When billionaire Robert Kuok introduced a luxury hotel brand in 1971, he named it Shangri-La, after the fictional utopia in which inhabitants enjoy unheard-of longevity.
Ensconced in his executive suite 32 floors above Hong Kong’s Victoria Harbor -- the room decorated with a pair of elephant tusks gifted by the late Tunku Abdul Rahman, the first prime minister of Malaysia -- the world’s 38th-richest person appears to have defied the aging process himself.
Kuok had accumulated a fortune of $19.4 billion as of Jan. 31, according to the Bloomberg Billionaires Index. Trim, dapper and straight backed at 89, he shows no signs of stopping there, Bloomberg Markets magazine will report in its March issue.
This year, the media-shy Malaysian-born magnate will likely open his 71st sumptuously appointed Shangri-La. Six of them are scheduled to be opened in the third quarter alone, including one perched in the Shard, the 72-story London skyscraper that’s the tallest office building in Western Europe.
Meanwhile, the public and private companies his family controls continue to pump money into his ancestral homeland, China, where his investments range from Beijing’s tallest building to cooking oil brands that have gained a 50 percent market share in the world’s most populous nation.
One of Kuok’s companies, Singapore-listed Wilmar International Ltd., is the world’s biggest processor of palm oil and eighth-biggest sugar producer.
Others operate shipping and logistics businesses, a property portfolio stretching from Paris to Sydney and East Asia’s most influential English-language newspaper, the Hong Kong-based South China Morning Post.
“He’s so vital, so active and continues to be so personally powerful,” says Timothy Dattels, San Francisco-based senior partner at U.S. buyout firm TPG Capital LP and a director of Kuok’s Hong Kong-listed Shangri-La Asia Ltd. “I can’t imagine a day without him at the top.”
Others can, which is why the question of succession looms over the Kuok empire as the patriarch prepares to mark his 90th birthday in October.
Through the unlisted family-owned holding company, Kerry Group Ltd., which he chairs, Kuok controls listed enterprises with a total market value of about $40 billion.
As it stands, the family enterprises are seeking to recover from a rocky 2012 that featured some sharp share-price and profit drops.
In his first interview with Western news media in 16 years, Kuok, who has eight children and numerous other relatives sprinkled through his executive ranks, says he won’t be worried when that day eventually comes.

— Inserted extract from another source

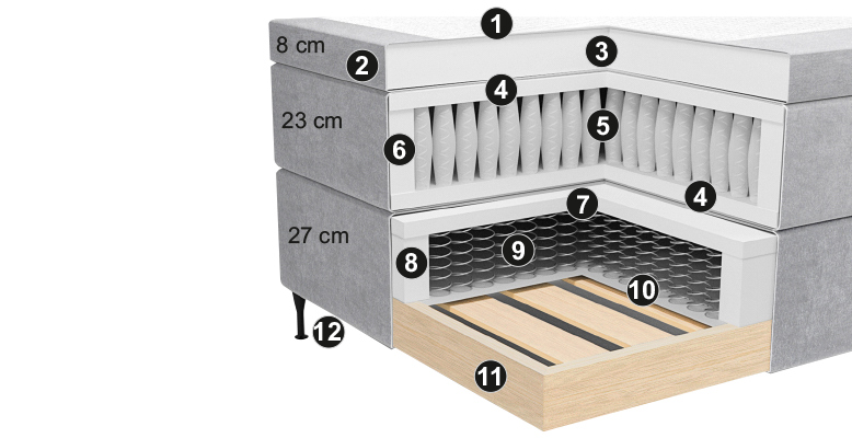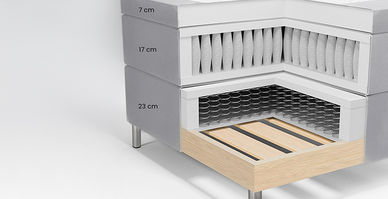 23 cm hög med 250 pocketfjädrar / m² som är indelade i 7 zoner för bättre komfort.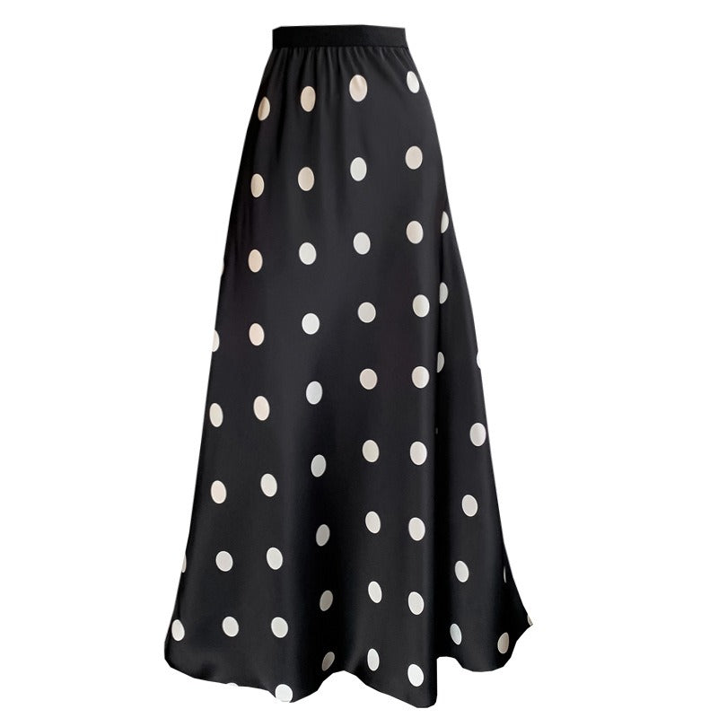 This polka-dot skirt is a must-have for any fashion-forward woman. Its draping high-waisted design and satin material create a flattering A-line silhouette with a fishtail hem.

“Everything on earth is dynamic,” he says in perfectly enunciated English. “I can only give my children a message, not money. If they follow it, we can go another three or four generations.”
Relatives run the most important of the Kuok businesses.
Kuok’s second son, Kuok Khoon Ean, 57, heads Shangri-La Asia, of which the family owns 50 percent.
A nephew, Kuok Khoon Hong, 63, co-founded and chairs Wilmar International, the largest Kuok-controlled company, with a market value of almost $20 billion, in which the Kuok family controls a 32 percent stake.
A daughter, Kuok Hui Kwong, 35, is executive director of SCMP Group Ltd., publisher of the 109-year-old South China Morning Post, which Kuok took control of in 1993, when he paid Rupert Murdoch’s News Corp. $349 million for a 35 percent stake.
As to who will succeed the master, most investors in Kuok enterprises focus attention on his eldest son, Kuok Khoon Chen, 58, who’s known as Beau.
Robert declined to confirm that Beau, who is deputy chairman of Kerry Group, will succeed him.
“Newshounds like excitement in their stories, whereas leadership of a business group is always a serious matter, and it would be wrong to put in writing any kind of assumption,” Kuok wrote in an e-mail following the interview.
Beau, who’s worked in his father’s businesses since 1978, is chairman of Kerry Properties Ltd. The firm, 55 percent owned by Kerry Group, develops luxury apartments, shopping malls and offices mostly in China and Hong Kong.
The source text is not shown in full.